Like much of Niven's work, the story is heavily influenced by the setting: a gas torus, a ring of air around a neutron star.
The gas giant Goldblatt's World (abbreviated "Gold") orbits the star just outside its Roche limit.
The Smoke Ring was colonized 500 years prior to the beginning of the story by a crew of 20 astronauts.
Kendy, the recorded personality of a citizen of "The State" who exists in the computer of the original space-ship that colonized the Smoke Ring, has become impatient.
Kendy manipulates a group into making contact with "The Admiralty", a neighboring civilization at Gold's L4 Lagrange Point (which they refer to as "the Clump").
One of the drivers for the story follows the latest operator of "the silver suit", the Citizen's Tree's working spacesuit.
The job goes to the occasionally born "dwarves" who tend to develop into humans of Earth-normal height and build.

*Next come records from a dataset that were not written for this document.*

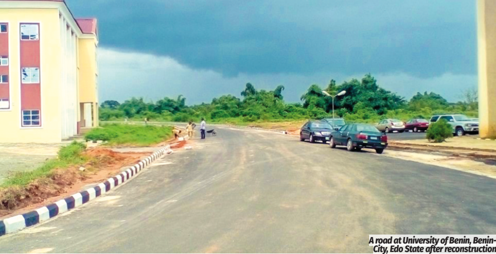
A road at University of Benin, Benin City, Edo State after reconstruction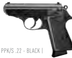
| PPK/S .22 - BLACK |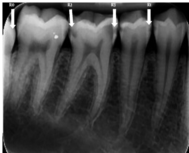
Figure 2. Classification of caries according to the depth of caries in radiography. Sound (R0), restricted to the enamel (R1), reaching the dentino-enamel junction, reaching the outer half of the dentin (R2) and the inner half of the dentin (R3)

Moreover, CCD Dixi3 was applied in the present study with a spatial resolution rate more than Dixi2 (16 lp/mm);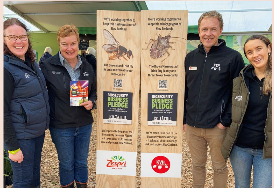
Members proudly promoting biosecurity at National Fieldays, Mystery Creek

Consistent member feedback has been that significant value is being delivered through the partnership with Biosecurity New Zealand, and the way the Pledge works as a platform for open collaboration, information, and lesson sharing.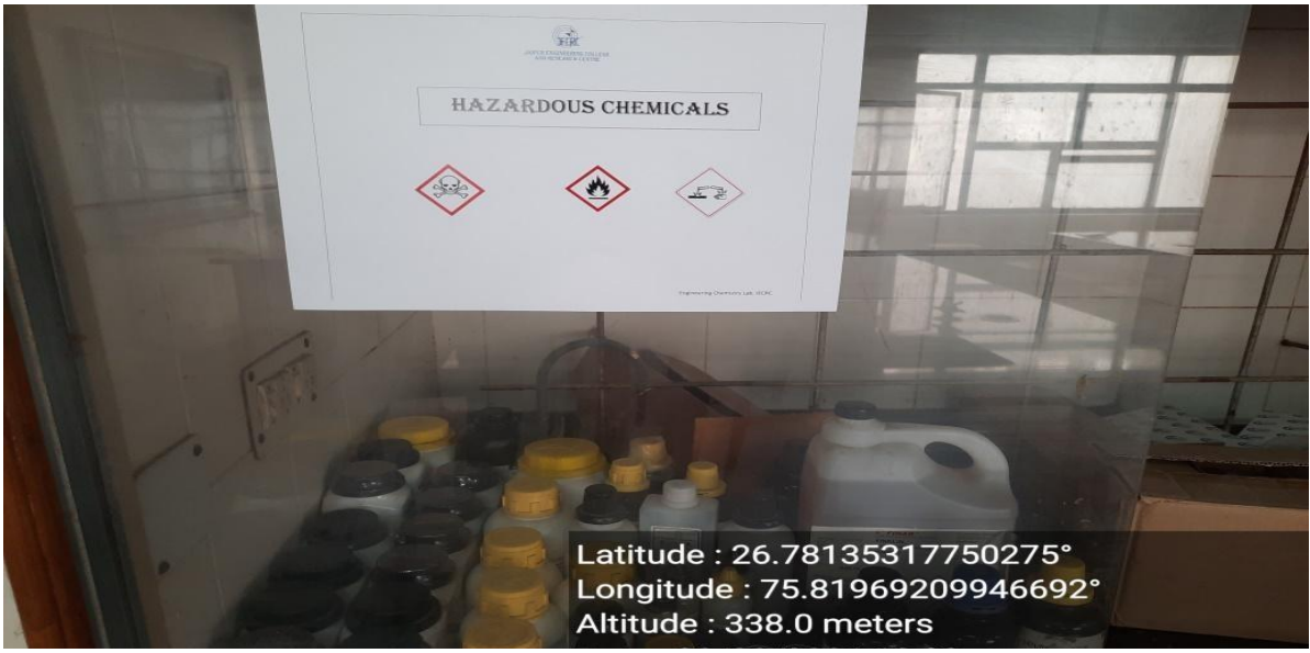
Separate Arrangement for Hazardous Chemicals in Laboratories

PRINCIPAL Jaipur Engineering College & Research Centre Tonk Road, Jaipur-302022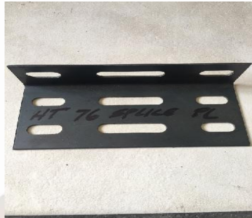
HT 76 Splice PL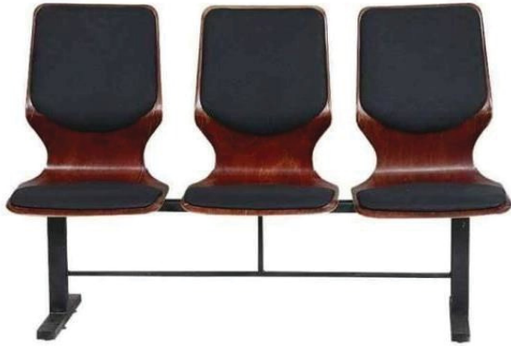
MODEL : SFH-STOOL-01-191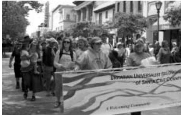
Santa Cruz Pride Parade, 2007 “We are gay and straight together, and we are singing, singing for our lives!”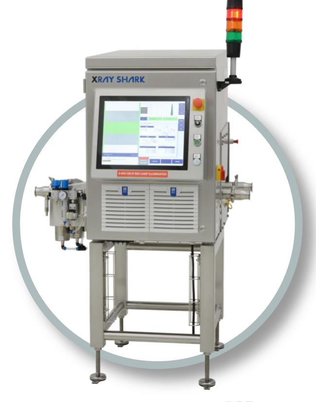
CASSEL XRAY SHARK® XD08-H1-PIPE

X-ray inspection system for packaged products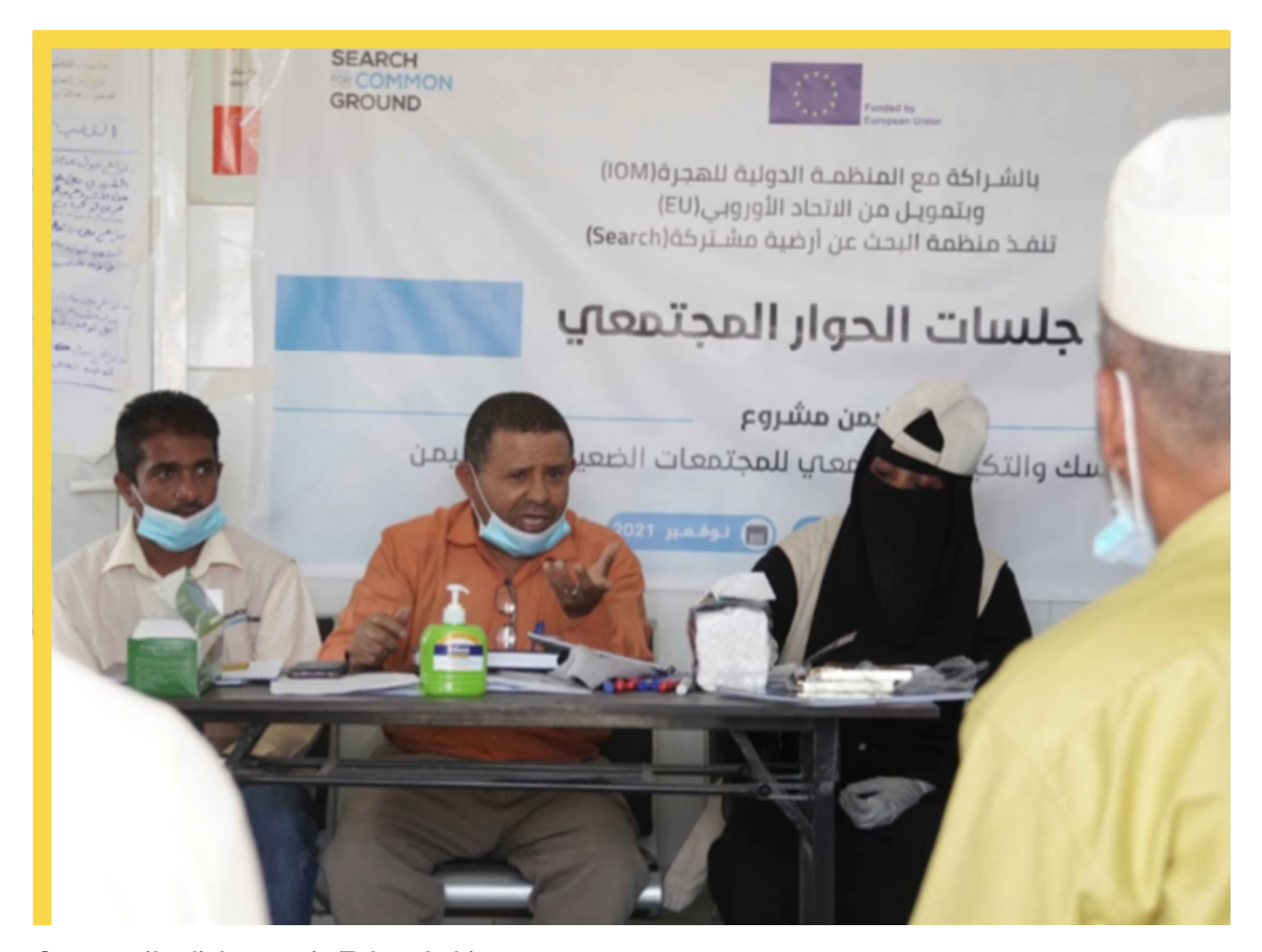
Community dialogues in Tuban-Lahj

Search is providing a rapid action to support the International Organization for Migration (IOM) in the implementation of their EU-supported project on 'Enhancing Resilience in Vulnerable Communities in Yemen'. The project promotes resilience in Yemen, through supporting the management and the reintegration of IDPs, addressing community recovery needs in targeted communities, and strengthening relations and coexistence of IDPs with the host communities.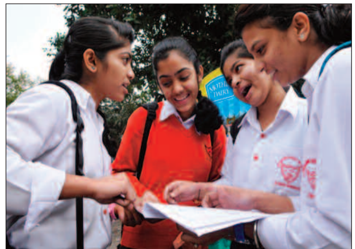
Government decided to withdraw the OTBA Scheme

OTBA was introduced by CBSE in Class 9 for Hindi, English, Mathematics, Science and Social Science and final examination of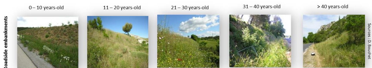
Fig. 1 Pictures of the chronosequence of roadside embankments

The stabilization of roadside embankments is a major challenge for land managers worldwide. While most studies focused on the short-term influence of revegetation measures (such as planting or hydroseeding) on soil stabilization, little is known about the long-term effect of successional dynamics occurring along roadsides. Our aim is to explore the influence of a vegetation successional dynamic on the stabilization of soil aggregates, a proxy for soil stability, along a 70-years roadside chronosequence. We selected 24 plots (16 x 4 m) on embankments along roadsides in the Mediterranean region (South France), spread into 5 age-classes (0-10; 11-20; 21-30; 31-40 and >40 years-old, Fig.1).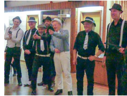
Roaring 20's night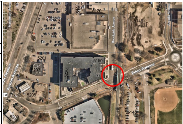
Brookside Ave at Eden Ave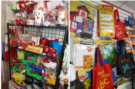
Teacher & Classroom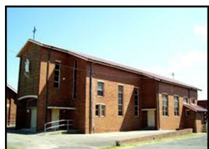
St Peter-in-Chains', Stockton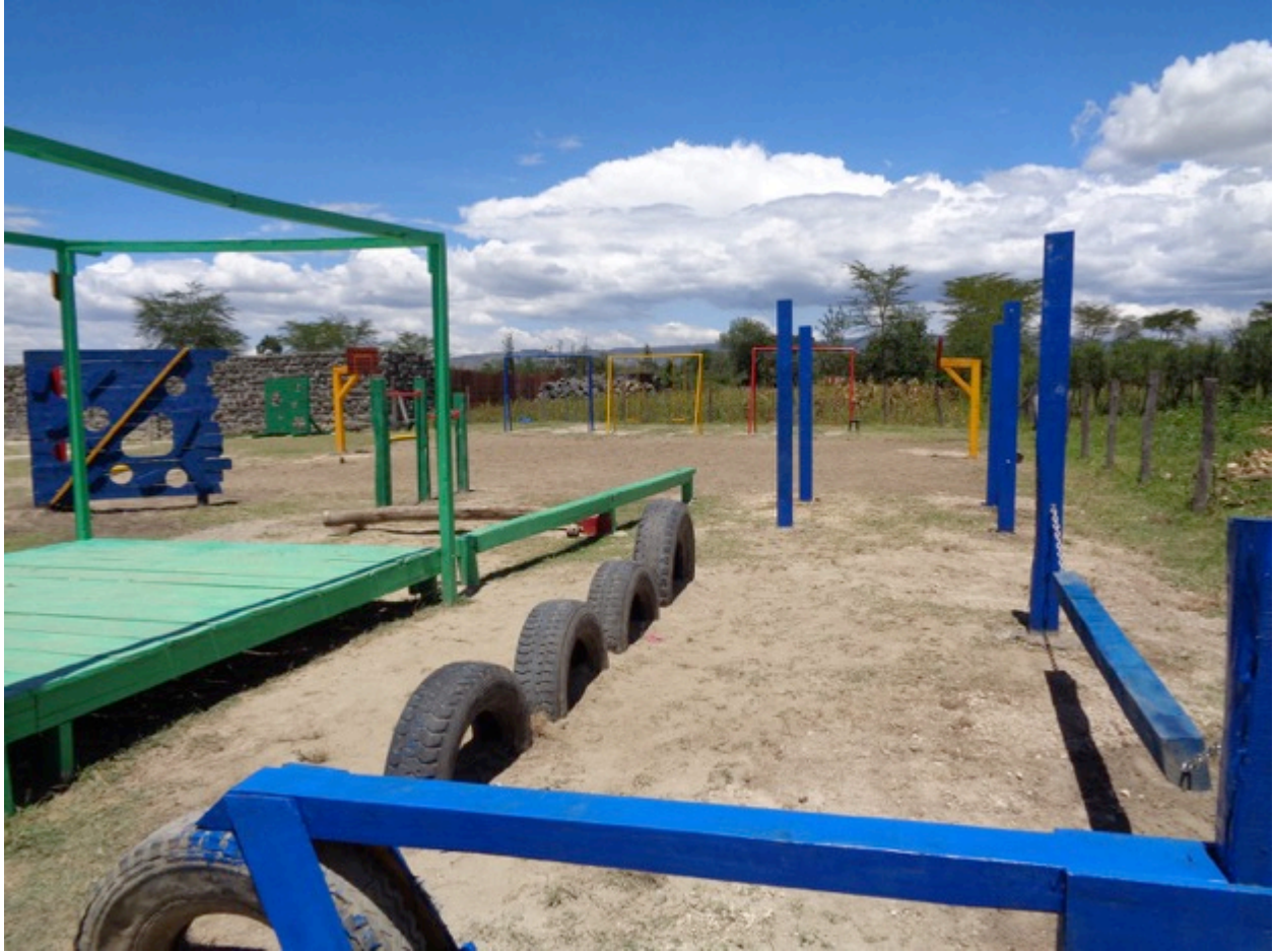
A completed playground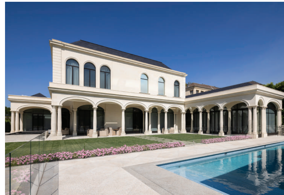
The Colonnade House

Shaped by time, refined by hand, and made to endure.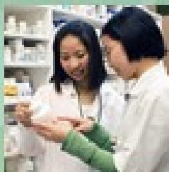
Trusted Customer Service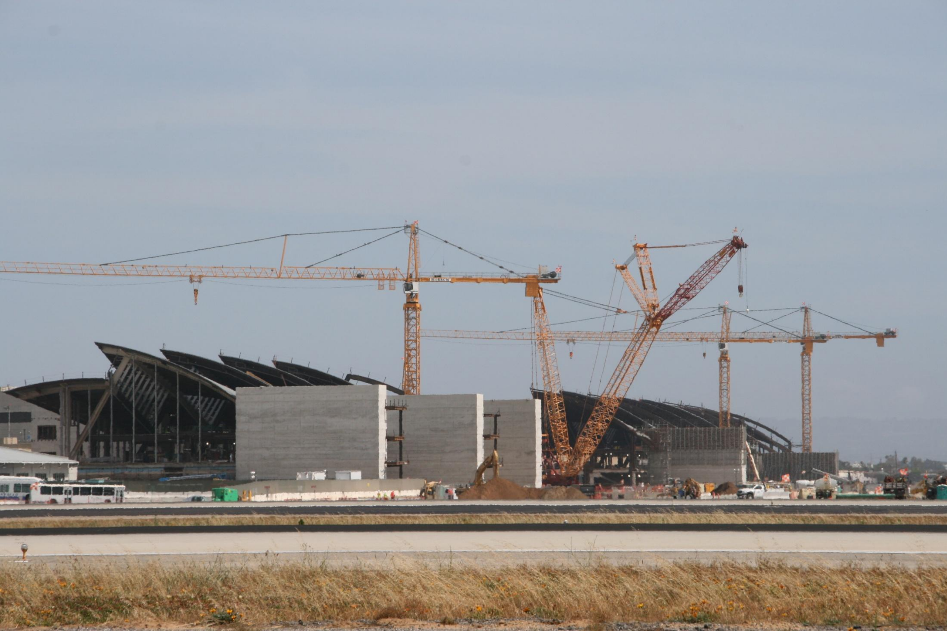
The crawler cranes used to erect steel for the concourses have now been replaced by several tower cranes. Crawler cranes are now lifting steel for the core. (June 3, 2011)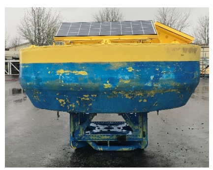
Figure 1:Coastal Surface Mooring (CSM). 4 per turn. Foam disc is 10' diameter, aluminum structure is \sim 2' . \sim 3000 \# as shown, buoys will be delivered without the shown solar panels. There is a 4'x4' interior space in the disc that needs painted.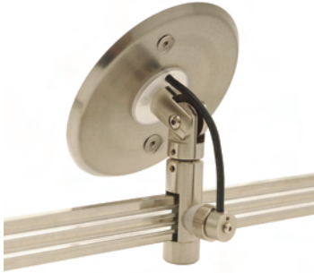
M2P-4RD-SL2-SN Monorail 2-Circuit 4" Round Power Feed Canopy with 2" Slope shown.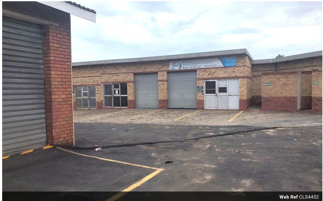
Web Ref CLS4452

Lira Link Rd, Unit 2 Montego Park, Richards Bay Central, Richards Bay, 3900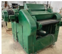
ID# 105 Buss #55 double sided planer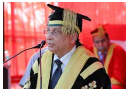
Hon'ble Mr. Dipak Misra Ji, Former Chief Justice of India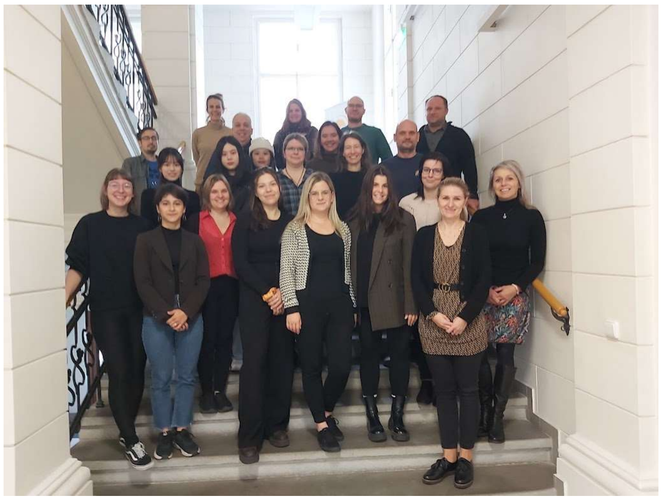
The ICPM team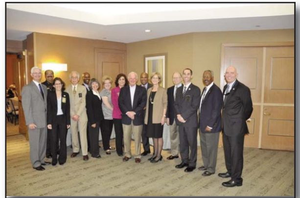
The 2012 NACOLE Board of Directors with conference attendees

NACOLE Flame Award recognizing his long commitment to advancing civilian oversight of law enforcement and civil rights, including eleven years as Chief Attorney of the Los Angeles County Office of Independent Review, where his innovation and creativity have built a national model of influential civilian oversight of the Los Angeles County Sheriff’s Department, the largest sheriff’s department in the country. He has also designed permanent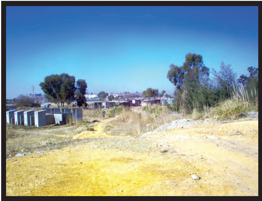
Figure 3: Informal settlement located on tailings dump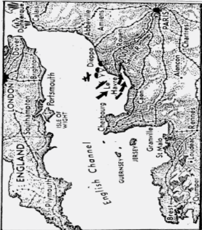
WHERE GERMAN REPORT FEAT OF ALLIED INVASION—Paris, where the invasion was reported today, is 100 miles from the English coast. The map shows the invasion route from the English coast to Paris.

LONDON, June 6 (AP)—The London news agency PNE said today that the German army troops had been reinforced at dawn at the mouth of the Seine river in the Le Havre area.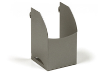
M-PTH Pencil Cup Frontage Series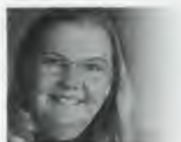
KATHI APPELT, AUTHOR, POET:

The result is always a kind of magic, on both sides: students come away fired up about the possibilities of their own creative work, and the visiting artists come away fired up about our students, which is why so many of them come back for more."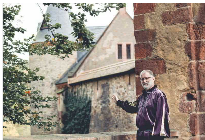
With the masterbuilder on tour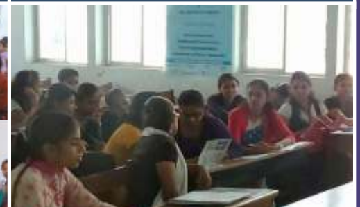
Shiksha: Teaching English and Mathematics to government school students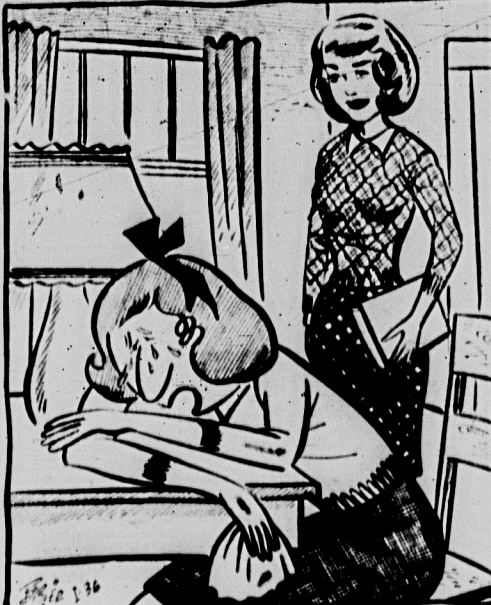
"Worthal and I broke up—I got a 'C' average this term and he said he just couldn't go with a girl smarter than he was."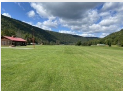
The calm before the storm...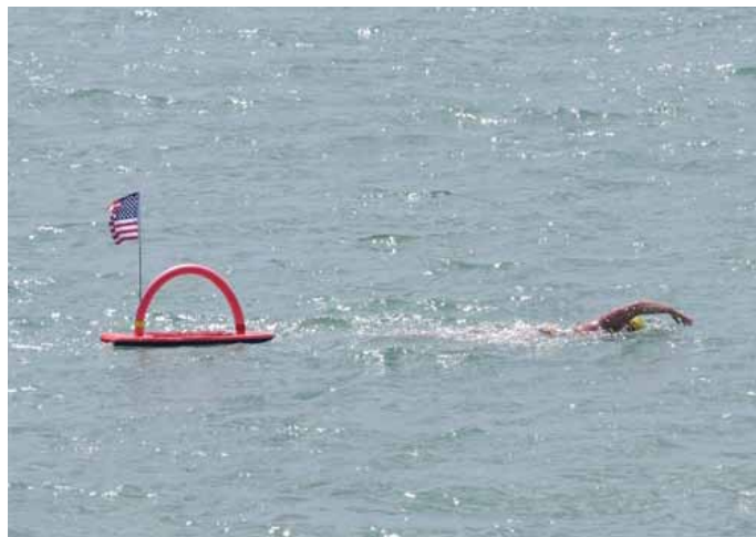
An American swimmer training to cross the Channel

People from many Olympic and Paralympic nations have swum the Channel since creating and breaking various records. They include swimmers from France, the United States, Italy, Australia, Argentina, Bangladesh, Egypt, Canada, Spain and Bulgaria.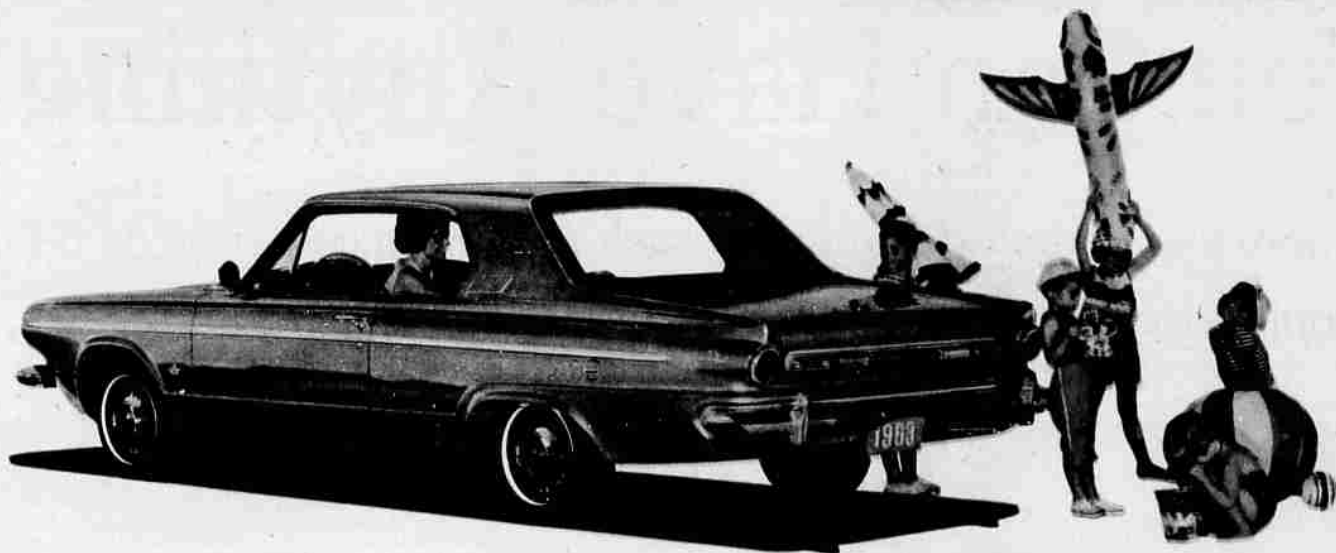
DODGE DART ALMOST EMPTY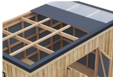
Colorsteel® 0.4 roofing & flashings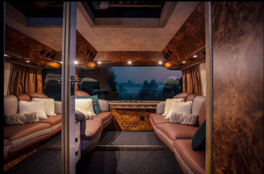
Front lounge driving direction.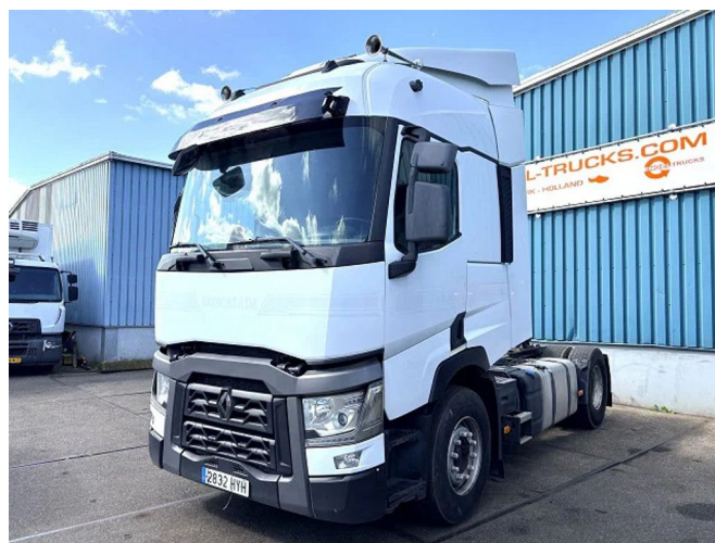
Renault T460 HIGH (EURO 6 / I-SHIFT / RETARDER / ... 4x2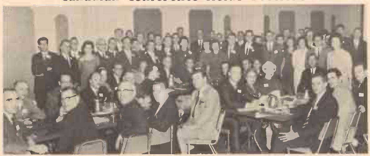
Above and below are views of delegates as they met in convention.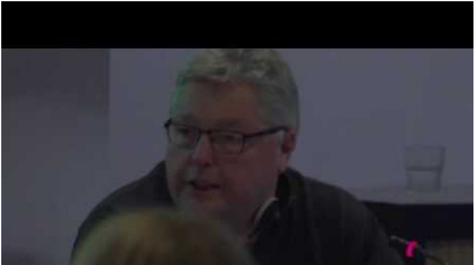
Konferenz "Gerechter Übergang"/Conference - "Just Transition" 3/4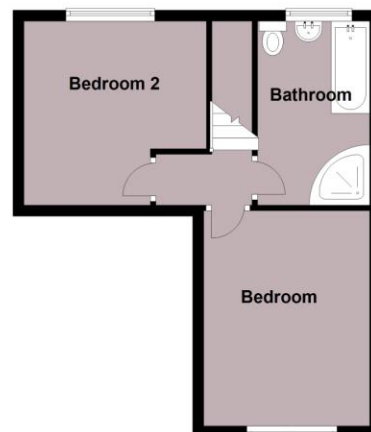
First Floor Approx. 33.1 sq. metres (356.5 sq. feet)

For illustration purposes only. Plan produced using PlanUp.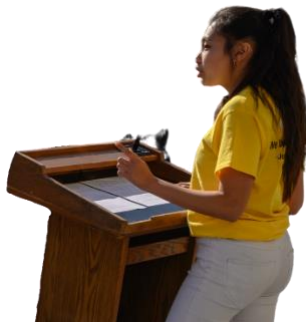
Youth Are Ready For College, Work & Productive Adulthood

The chain of events that led to the colonization of the Smoke Ring through a "mutiny" on the ship is explored.
It is, however, a "hard" science fiction novel, and it has the weakness endemic to that genre – the individual characters are never satisfyingly drawn, so that the reader is somewhat distanced from them.
"[2] The Library Journal said in 1987 that "the alien topography of this sequel to The Integral Trees serves as a fascinating contrast to the persistence of humanity's adventuring spirit".